PROBLEM DESCRIPTION
Stop after the line that contains "DINKY TOYS (FRANCE)"; until then, restate each line of the entries word for word from the very first.

DATA FOR ANALYSIS
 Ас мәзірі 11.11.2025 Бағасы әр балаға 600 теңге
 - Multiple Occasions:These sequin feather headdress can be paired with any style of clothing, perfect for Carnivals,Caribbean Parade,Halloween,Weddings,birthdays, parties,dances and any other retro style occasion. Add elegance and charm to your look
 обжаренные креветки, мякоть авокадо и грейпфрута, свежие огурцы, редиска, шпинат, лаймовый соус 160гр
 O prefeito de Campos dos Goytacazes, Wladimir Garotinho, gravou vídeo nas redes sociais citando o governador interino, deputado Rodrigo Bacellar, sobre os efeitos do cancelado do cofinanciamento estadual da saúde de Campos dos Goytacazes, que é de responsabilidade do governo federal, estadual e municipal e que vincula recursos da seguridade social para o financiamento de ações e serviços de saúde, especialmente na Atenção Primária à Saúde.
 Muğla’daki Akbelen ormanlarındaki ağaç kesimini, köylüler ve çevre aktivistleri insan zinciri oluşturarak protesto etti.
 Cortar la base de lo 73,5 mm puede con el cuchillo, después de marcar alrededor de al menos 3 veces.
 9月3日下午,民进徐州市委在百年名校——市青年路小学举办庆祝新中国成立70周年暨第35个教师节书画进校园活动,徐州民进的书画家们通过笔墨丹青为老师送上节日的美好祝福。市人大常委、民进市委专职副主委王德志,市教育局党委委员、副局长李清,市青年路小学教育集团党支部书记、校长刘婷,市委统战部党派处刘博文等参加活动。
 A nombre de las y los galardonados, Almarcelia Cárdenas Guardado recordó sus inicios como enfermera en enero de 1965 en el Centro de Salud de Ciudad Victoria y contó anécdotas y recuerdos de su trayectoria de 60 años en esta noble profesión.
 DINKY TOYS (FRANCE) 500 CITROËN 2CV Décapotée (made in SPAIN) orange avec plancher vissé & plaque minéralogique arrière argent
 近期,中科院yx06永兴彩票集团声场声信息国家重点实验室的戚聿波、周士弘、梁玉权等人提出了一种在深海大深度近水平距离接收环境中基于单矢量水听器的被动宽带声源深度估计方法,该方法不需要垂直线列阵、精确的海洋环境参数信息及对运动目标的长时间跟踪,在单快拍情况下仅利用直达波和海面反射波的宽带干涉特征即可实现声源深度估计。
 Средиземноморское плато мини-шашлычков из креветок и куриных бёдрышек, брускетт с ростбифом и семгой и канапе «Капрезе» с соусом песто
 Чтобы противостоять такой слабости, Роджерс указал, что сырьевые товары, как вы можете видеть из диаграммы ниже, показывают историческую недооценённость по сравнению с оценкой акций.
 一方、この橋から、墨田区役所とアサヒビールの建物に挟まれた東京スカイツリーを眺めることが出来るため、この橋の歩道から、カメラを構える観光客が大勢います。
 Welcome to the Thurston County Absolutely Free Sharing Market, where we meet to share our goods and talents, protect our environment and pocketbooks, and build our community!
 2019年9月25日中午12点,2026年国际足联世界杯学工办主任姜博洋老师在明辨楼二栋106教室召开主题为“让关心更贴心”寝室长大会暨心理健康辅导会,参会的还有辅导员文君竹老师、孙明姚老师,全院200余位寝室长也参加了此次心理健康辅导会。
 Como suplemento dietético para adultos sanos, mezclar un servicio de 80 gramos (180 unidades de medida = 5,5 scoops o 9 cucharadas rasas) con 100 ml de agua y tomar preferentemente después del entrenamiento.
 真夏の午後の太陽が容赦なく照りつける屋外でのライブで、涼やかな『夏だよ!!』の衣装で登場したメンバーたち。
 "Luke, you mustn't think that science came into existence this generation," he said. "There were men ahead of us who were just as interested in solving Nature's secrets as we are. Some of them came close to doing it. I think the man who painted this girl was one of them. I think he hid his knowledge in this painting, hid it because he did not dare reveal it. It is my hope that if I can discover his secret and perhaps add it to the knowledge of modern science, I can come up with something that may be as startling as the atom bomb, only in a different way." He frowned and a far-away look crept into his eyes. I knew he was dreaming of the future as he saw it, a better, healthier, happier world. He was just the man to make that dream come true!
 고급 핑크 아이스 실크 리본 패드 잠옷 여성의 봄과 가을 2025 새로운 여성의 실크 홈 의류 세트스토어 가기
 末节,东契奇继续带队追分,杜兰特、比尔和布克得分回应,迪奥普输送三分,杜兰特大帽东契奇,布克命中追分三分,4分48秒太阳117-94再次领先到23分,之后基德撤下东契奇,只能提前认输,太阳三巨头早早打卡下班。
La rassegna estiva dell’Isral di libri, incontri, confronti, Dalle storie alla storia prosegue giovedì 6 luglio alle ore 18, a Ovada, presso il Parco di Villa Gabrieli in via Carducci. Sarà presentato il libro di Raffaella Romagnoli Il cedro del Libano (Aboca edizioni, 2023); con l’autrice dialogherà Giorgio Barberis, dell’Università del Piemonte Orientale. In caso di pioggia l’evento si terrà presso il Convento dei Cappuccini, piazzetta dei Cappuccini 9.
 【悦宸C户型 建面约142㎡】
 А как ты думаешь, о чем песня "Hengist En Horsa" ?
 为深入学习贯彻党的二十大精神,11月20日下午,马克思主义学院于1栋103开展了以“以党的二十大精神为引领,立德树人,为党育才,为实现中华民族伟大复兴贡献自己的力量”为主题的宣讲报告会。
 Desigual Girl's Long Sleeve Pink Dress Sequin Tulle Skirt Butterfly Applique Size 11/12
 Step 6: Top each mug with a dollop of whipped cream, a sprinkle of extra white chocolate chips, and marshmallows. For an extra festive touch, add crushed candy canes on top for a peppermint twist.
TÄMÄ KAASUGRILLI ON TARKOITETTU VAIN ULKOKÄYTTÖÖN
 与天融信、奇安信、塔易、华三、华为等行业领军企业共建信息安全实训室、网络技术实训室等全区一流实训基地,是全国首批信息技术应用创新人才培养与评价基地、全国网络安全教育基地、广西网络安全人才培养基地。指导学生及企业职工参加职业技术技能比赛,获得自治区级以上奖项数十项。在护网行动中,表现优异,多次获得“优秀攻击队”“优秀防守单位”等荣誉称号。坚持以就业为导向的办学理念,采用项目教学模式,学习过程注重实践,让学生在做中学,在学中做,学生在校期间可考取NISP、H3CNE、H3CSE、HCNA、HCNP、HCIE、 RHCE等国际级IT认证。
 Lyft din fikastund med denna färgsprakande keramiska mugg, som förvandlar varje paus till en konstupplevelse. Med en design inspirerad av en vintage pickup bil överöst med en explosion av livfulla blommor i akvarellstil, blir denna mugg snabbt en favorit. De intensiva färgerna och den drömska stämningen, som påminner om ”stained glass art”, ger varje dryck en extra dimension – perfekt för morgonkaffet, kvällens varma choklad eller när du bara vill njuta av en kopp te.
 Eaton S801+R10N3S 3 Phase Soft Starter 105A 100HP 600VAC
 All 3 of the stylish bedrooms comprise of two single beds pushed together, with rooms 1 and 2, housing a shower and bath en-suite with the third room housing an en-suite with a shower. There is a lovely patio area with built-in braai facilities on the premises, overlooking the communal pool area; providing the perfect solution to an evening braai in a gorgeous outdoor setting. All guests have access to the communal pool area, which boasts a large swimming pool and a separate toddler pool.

SOLUTION BELOW
 Ас мәзірі 11.11.2025 Бағасы әр балаға 600 теңге
 - Multiple Occasions:These sequin feather headdress can be paired with any style of clothing, perfect for Carnivals,Caribbean Parade,Halloween,Weddings,birthdays, parties,dances and any other retro style occasion. Add elegance and charm to your look
 обжаренные креветки, мякоть авокадо и грейпфрута, свежие огурцы, редиска, шпинат, лаймовый соус 160гр
 O prefeito de Campos dos Goytacazes, Wladimir Garotinho, gravou vídeo nas redes sociais citando o governador interino, deputado Rodrigo Bacellar, sobre os efeitos do cancelado do cofinanciamento estadual da saúde de Campos dos Goytacazes, que é de responsabilidade do governo federal, estadual e municipal e que vincula recursos da seguridade social para o financiamento de ações e serviços de saúde, especialmente na Atenção Primária à Saúde.
 Muğla’daki Akbelen ormanlarındaki ağaç kesimini, köylüler ve çevre aktivistleri insan zinciri oluşturarak protesto etti.
 Cortar la base de lo 73,5 mm puede con el cuchillo, después de marcar alrededor de al menos 3 veces.
 9月3日下午,民进徐州市委在百年名校——市青年路小学举办庆祝新中国成立70周年暨第35个教师节书画进校园活动,徐州民进的书画家们通过笔墨丹青为老师送上节日的美好祝福。市人大常委、民进市委专职副主委王德志,市教育局党委委员、副局长李清,市青年路小学教育集团党支部书记、校长刘婷,市委统战部党派处刘博文等参加活动。
 A nombre de las y los galardonados, Almarcelia Cárdenas Guardado recordó sus inicios como enfermera en enero de 1965 en el Centro de Salud de Ciudad Victoria y contó anécdotas y recuerdos de su trayectoria de 60 años en esta noble profesión.
 DINKY TOYS (FRANCE) 500 CITROËN 2CV Décapotée (made in SPAIN) orange avec plancher vissé & plaque minéralogique arrière argent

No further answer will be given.